Photo credit: Jerry and Marcy Monkman

We're big fans of the Appalachian Trail—big, like 250,000 acres big!—so of course we had to catch a showing of A Walk in the Woods. Based on Bill Bryson's book of the same name, the movie stars Robert Redford and Nick Nolte in a comedy of errors as the odd couple attempts the ambitious "AT" thru-hike. 

We'll admit we preferred the book to the movie, but the beautiful landscape shots did inspire us to take our own walk in the woods. If you find yourself in New England this fall season, consider these two hikes for a view of the Appalachian Trail's brilliant fall foliage—in true technicolor! 

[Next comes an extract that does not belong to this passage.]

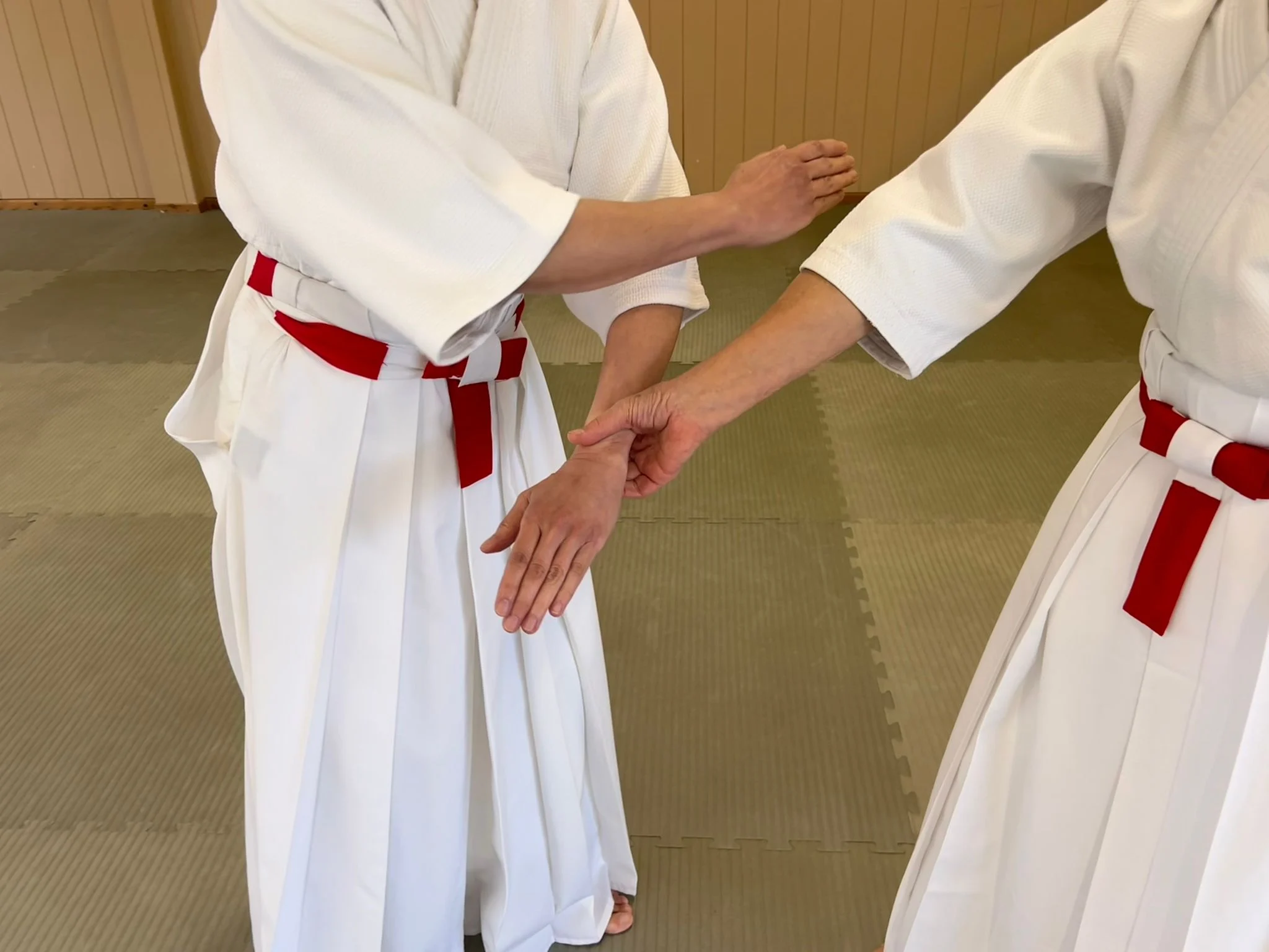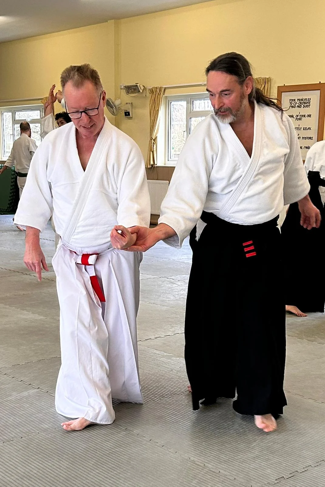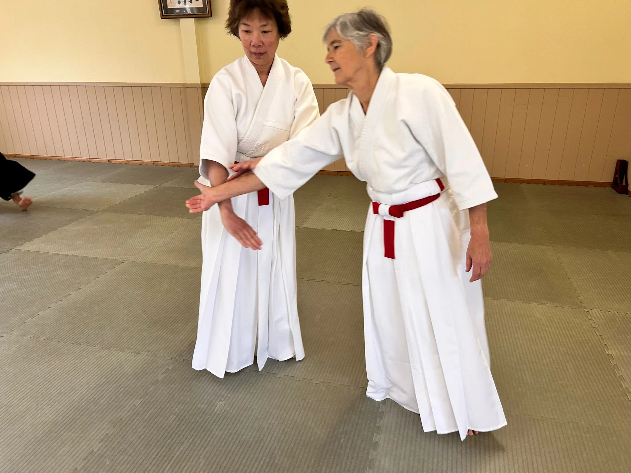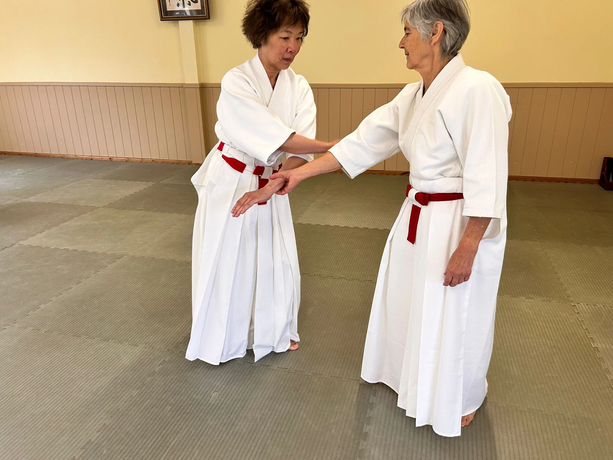 Sensei Cornish démontrant le kotegeishi avec Sensei O'Connell

Velvet Rocks—Hanover, New Hampshire

For a mellower option, head to Bill Bryson’s onetime home of Hanover, New Hampshire—where we’re currently working to protect an AT access trail at Hudson Farm. Our featured hike begins right in town: you can make it a short stroll out to the trail shelter or a five-mile round-trip to a moss-covered outcropping called Velvet Rocks. This hike includes many of our favorite things about New Hampshire: gorgeous hemlock forest, healthy wetlands, and spectacular fall colors.

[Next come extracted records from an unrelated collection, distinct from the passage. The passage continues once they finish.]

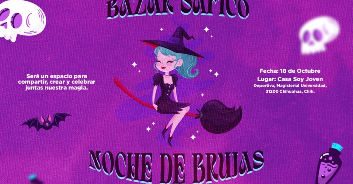 Chihuahua, Chih.- Este sábado 18 de octubre, la Colectiva Sáficas del Norte llevará a cabo el Bazar Sáfico Edición Noche de Brujas, un encuentro que busca visibilizar el talento, la creatividad y la fuerza de las mujeres de la disidencia sexual en Chihuahua. El evento se realizará de 17:00 a 22:00 horas en Casa Soy Joven, ubicada dentro de Ciudad Deportiva.
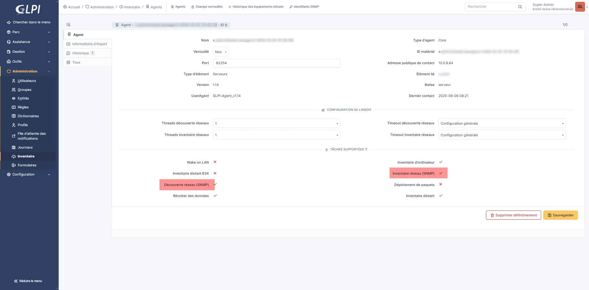 Si vous ne voyez pas les fonctionnalités de Découverte et inventaire réseau actives, forcer un inventaire pour la prise en compte des modifications.
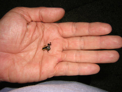 | Con nhái độc Eleutherodactylus dài không đến 10mm, nằm gọn trong lòng bàn tay. Ảnh: Pravda. |

New HampshireLook for the orange signs!Photo credit: Flickr user Christina Dulude

Trail notes: Follow the gravel road behind the Hanover Co-op on Park Street until it enters the woods and becomes the Appalachian Trail. Bearing right at the trail junction 1.5 miles will take you directly to Velvet Rocks—or go left to reach the shelter in 0.2 miles. From the shelter, you can head back the way you came for a 3.4-mile round-trip, or follow the trail directly behind the shelter to rejoin the main trail.

Once back on the AT, it's about 0.5 miles to a steep hill, where you'll see a climbing rope attached to a tree. You may not need it—the hill flattens out after about 200 meters. At the top, keep your eyes peeled for a spur trail on the left (it’s easy to miss) that will lead you to the mossy field this section of the trail is named for. From here, either turn around and follow the AT’s white blazes back to Hanover or continue on the AT across a swampy boardwalk and follow Trescott Road west back to town.

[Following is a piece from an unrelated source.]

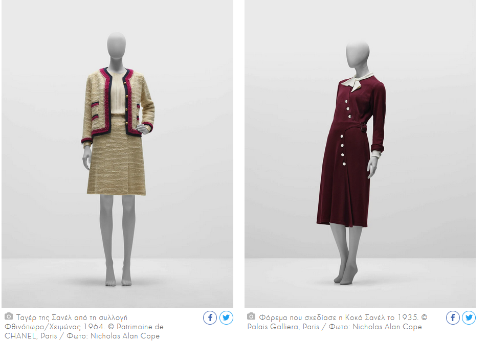 Ο τίτλος της έκθεσης είναιGabrielle Chanel: Fashion Manifestoκαι πρόκειται για την πρώτη που διοργανώνεται από μεγάλο βρετανικό μουσείο, με 122 από τα ρούχα που παρουσιάζονται να είναι νέες προσθήκες. Μερικά από αυτά έχουν ηλικία 100 ετών και, όπως δήλωσαν οι επιμελητές, «μοιάζουν σαν να έχουν ραφτεί χθες».

Glastenbury Mountain Loop—Vermont>

If you’re looking to get away from it all and are in pretty good hiking shape, Glastenbury Mountain is the perfect place for a challenging overnight backpacking trip. After hiking to the summit through Green Mountain National Forest, you’ll reach an old fire tower, where you’ll be treated to 360-degree views of the Green, Taconic, and Berkshire ranges—including areas protected by The Trust for Public Land. This is one of the most remote places in all of Vermont, providing intrepid hikers a good look at the Appalachian Trail's wild side.

VermontAutumn looks good on Vermont!Photo credit: Flickr user Zdenek Svoboda

Trail notes:The trailhead is on Route 9, 5 miles east of downtown Bennington and 8.8 miles west of Wilmington. The parking lot is on the north side of the highway and the white-blazed Appalachian Trail (in this section, also part of the Long Trail) is just to the east. Follow the white blazes north across the William A. McArthur Bridge 7.4 miles to the ridgeline of Glastenbury Mountain. Goddard Shelter is at the 9.8-mile mark--a perfect halfway point to pitch a tent.

The fire tower is .3 miles from the shelter. From just west of the shelter, take the West Ridge Trail, marked with blue blazes, to the summit of Bald Mountain. Descend on the West Ridge Trail to the Bald Mountain Trail and bear left for a steep, rocky descent past a Forest Service Trail Sign and a spur trail to a natural spring.  Here, the trail follows woods roads. When you reach the red-blazed National Forest Boundary, go right to Bald Mountain Trailhead at 19.5 miles. A right here will take you to Route 9 in less than a mile. Follow Route 9 left for one mile to complete the 21.8-mile loop.